▶ **Task to carry out**
All that is wanted is a word-for-word copy of the data from its first line to the line containing "2.2 请完成PTA作业:2", both included.

▶ **Data segment**
******
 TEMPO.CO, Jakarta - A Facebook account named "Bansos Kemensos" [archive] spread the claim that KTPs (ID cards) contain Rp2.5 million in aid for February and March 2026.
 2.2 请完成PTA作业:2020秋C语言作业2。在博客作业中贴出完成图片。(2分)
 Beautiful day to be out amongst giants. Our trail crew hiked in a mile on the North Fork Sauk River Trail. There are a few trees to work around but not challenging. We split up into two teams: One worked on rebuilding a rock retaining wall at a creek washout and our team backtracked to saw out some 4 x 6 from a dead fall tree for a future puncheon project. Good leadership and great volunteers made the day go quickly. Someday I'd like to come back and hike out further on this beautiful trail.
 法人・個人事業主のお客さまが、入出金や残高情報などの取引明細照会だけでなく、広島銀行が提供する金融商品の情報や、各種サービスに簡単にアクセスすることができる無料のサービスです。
******
▶ **Solution to this exercise**
 TEMPO.CO, Jakarta - A Facebook account named "Bansos Kemensos" [archive] spread the claim that KTPs (ID cards) contain Rp2.5 million in aid for February and March 2026.
 2.2 请完成PTA作业:2020秋C语言作业2。在博客作业中贴出完成图片。(2分)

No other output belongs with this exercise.